Estonian President Arnold Rüütel must first nominate Parts before the Res Publica leader can take office. Rüütel is expected to make an announcement within the next few days. The president could still nominate leftist leader Edgar Savisaar—though that would be a mere formality with Savisaar, a self-declared champion of the poor, now having virtually no chance of sweeping together the needed legislative seats. The 52-year-old, forced to resign in disgrace as interior minister in 1995 amid allegations he secretly tape recorded his political rivals, led his Center Party to a razor thin victory in the March 2 election, winning 25.4 percent of the popular vote. But it fell well short of a parliamentary majority—with several center-right parties landing enough seats to take the initiative in creating a new administration. Rüütel has said in the past that the party garnering the most votes, on principle, should get the first crack at forming a government—even if all indications are that it will fail.
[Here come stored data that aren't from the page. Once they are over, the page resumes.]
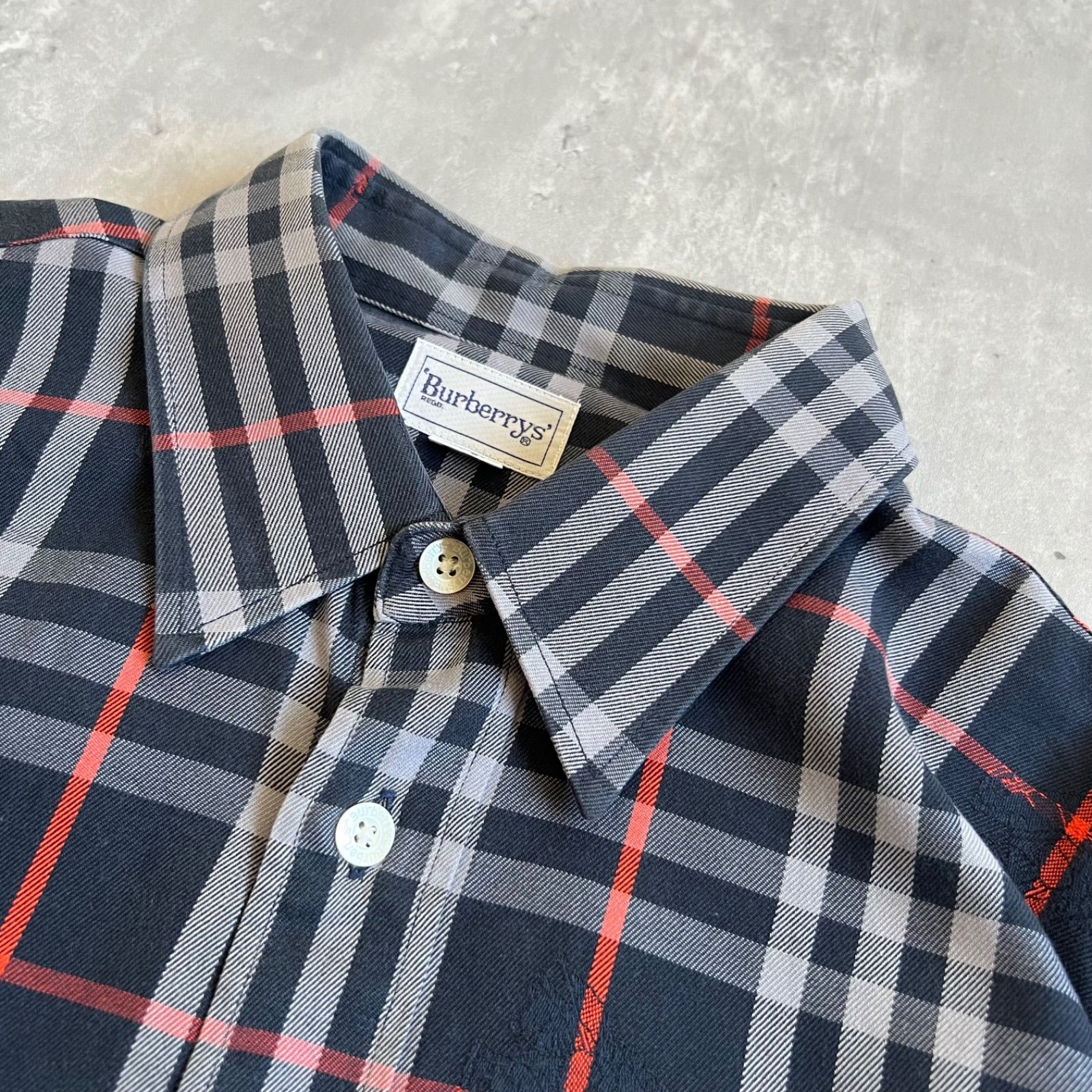 90s Burberry s バーバリーズ シャドウホース総柄 バーバリーチェックシャツ Navy × Orange LサイズWJO48-141の検索結果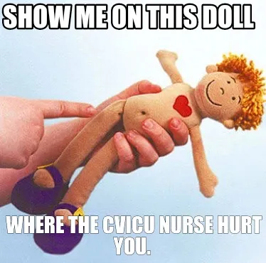 Make your own "Show me on this doll Where the CVicu nurse hurt you." meme with MemeCreator's free online meme generator. Add text, stickers, and drawings — then download or share. No watermark, no sign-up required.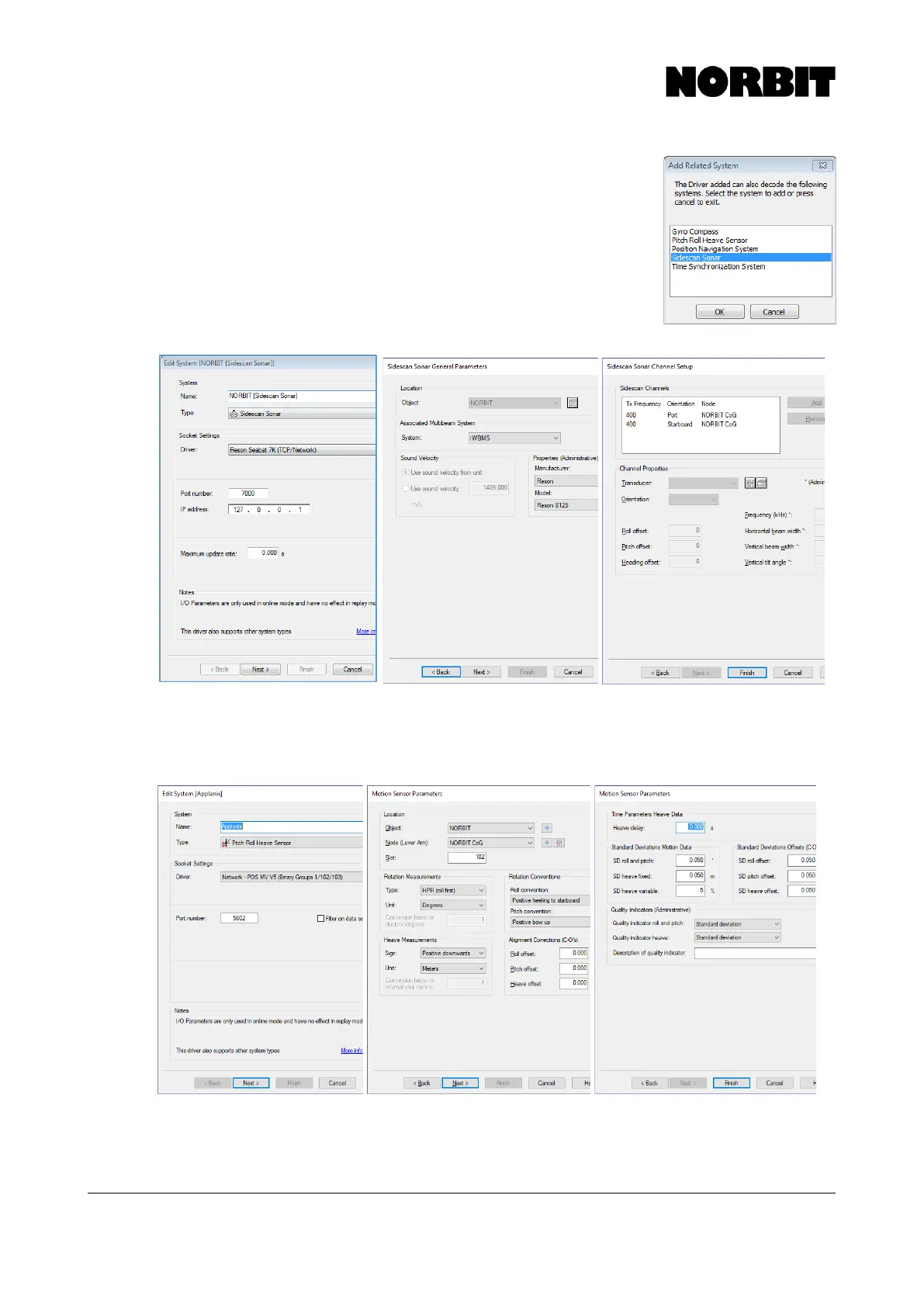 To set up the NORBIT side scan in QINSy configure the pages as shown

VILNIUS (CITY PAPER) A military helicopter crashed into the Baltic Sea off Lithuania’s coast late Wednesday night, killing two and injuring four. It wasn’t clear why the Russian-made Mi-8 went down near Klaipeda during a training exercise, though officials said they were investigating the incident. The four soldiers injured weren’t in serious condition. The bodies of the two others, including the pilot, were pulled from the water on Thursday. Lithuanian President Rolandas Paksas, himself a highly trained pilot, has extended his condolences to the families of the dead.
Tuesday—March 25, 2003
VILNIUS (CITY PAPER) Lithuania and Estonia said Tuesday they would dispatch non-combat forces to Iraq—with Lithuania saying it was ready to do so within the week—yet another signal of Baltic governments’ staunch backing for U.S.-led military action in the Persian Gulf. While Estonia said it would deploy 55 peacekeeping troops to Iraq only after the war ends, Lithuania said it was set to send 16 soldiers, including six army doctors, in a matter of days. “They are ready to leave now,” Lithuanian Defense Minister Linas Linkevicius told journalists after the 141-seat Seimas legislature voted 59 to 13 to support the government plan; two deputies abstained and others either weren’t present or didn’t vote. The Lithuanian resolution says the soldiers will be on “a humanitarian mission” and will not take part in direct military action.
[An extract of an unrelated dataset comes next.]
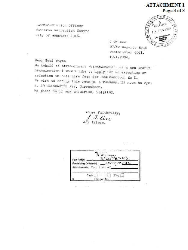 3. NOT APPROVE a donation request from the Streamliners Weight Watchers group for a waiver or reduction of fees for the hire of the Hainsworth Community Centre.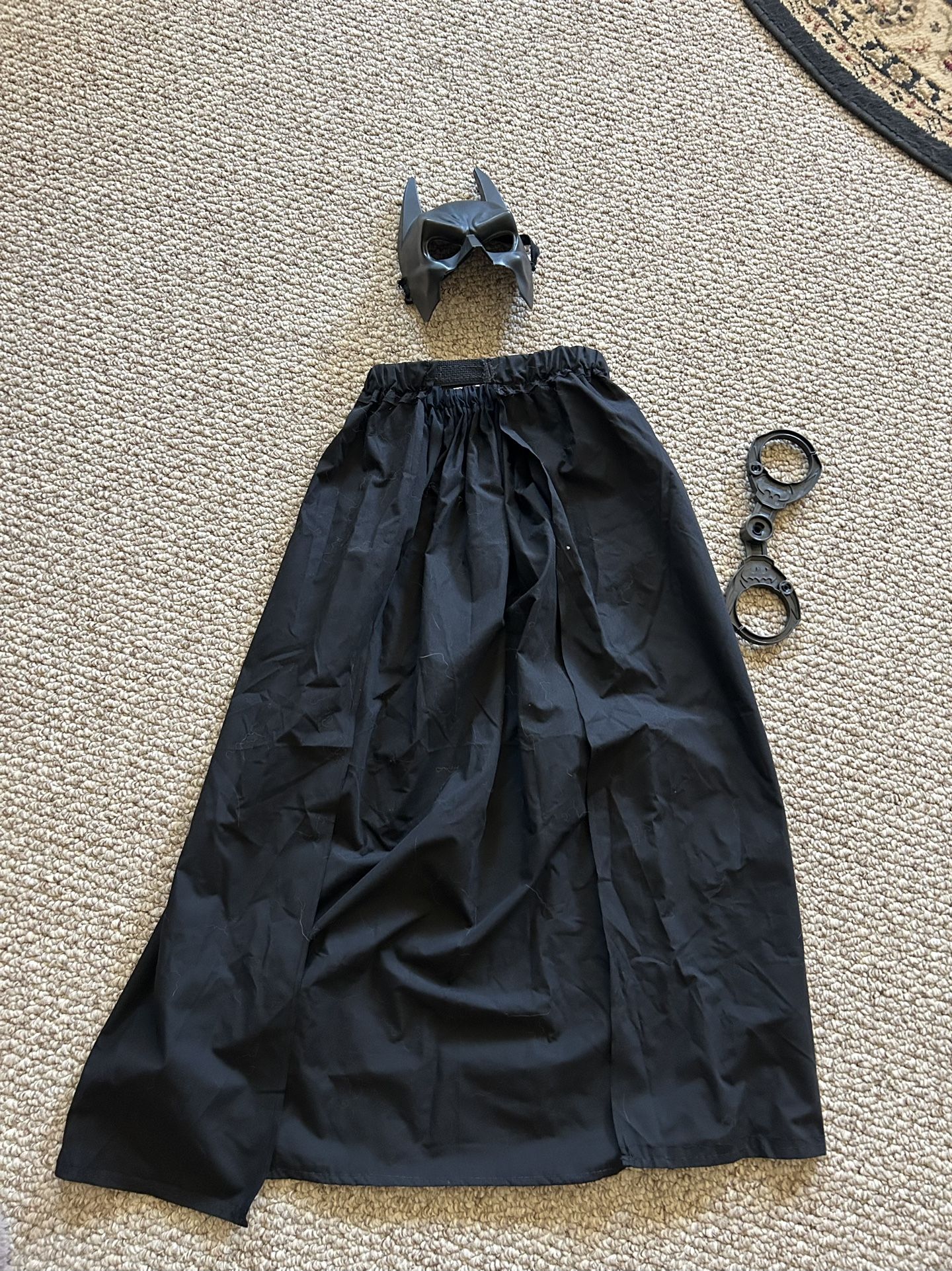 Kids Batman Halloween costume. Includes: cape Batman, mask and Batman handcuffs . In excellent condition.

The Estonian government’s decision is still subject to approval by the country’s Riigikogu parliament, though that should come easily, according to government spokesman Daniel Vaarik. He said the U.S. hadn’t yet asked Estonia to pledge peacekeeping troops, “but we could see this (request) might come.” The peacekeepers, once deployed, were expected to stay in Iraq for six months, he said.
Last week, Latvia’s parliament also approved legislation permitting the government to send peacekeepers. Lawmakers said they would likely include a dozen medical personnel, mine clearing specialists and military police.
The deployments abroad, if they occur, would be among the largest since the Baltic states regained independence. Some Baltic soldiers have also served in Bosnia and Afghanistan.
The Baltics did not send soldiers to take part in the invasion of Iraq, but they were quick to grant over-flight rights to U.S. warplanes. They were named by Washington as members of the 35-nation coalition bidding to disarm Saddam Hussein’s regime by force.
Monday—March 24, 2003
TALLINN (CITY PAPER) NATO Secretary General Lord Robertson said Monday he saw no reason why disagreements within the alliance over war in Iraq should damage the 19-member organization—nor, he said, would differences lead to a delay in welcoming new members into the NATO fold. “Surely this is an important moment for NATO,” he said, fielding questions after delivering a speech in Estonia. “But surely the alliance will go on.” He insisted there was nothing alarming about the sharply contrasting opinions over Iraq—with the United States and Britain leading the military invasion of the Persian Gulf nation and other NATO members, such as France and Germany, adamantly opposing the war. “You get the sensation at times that people expect NATO to behave like in the Warsaw Pact where someone in Moscow or Washington decides, and everyone falls in line,” he said. “NATO’s not the Warsaw Pact … Differences are the lifeblood of democracy.”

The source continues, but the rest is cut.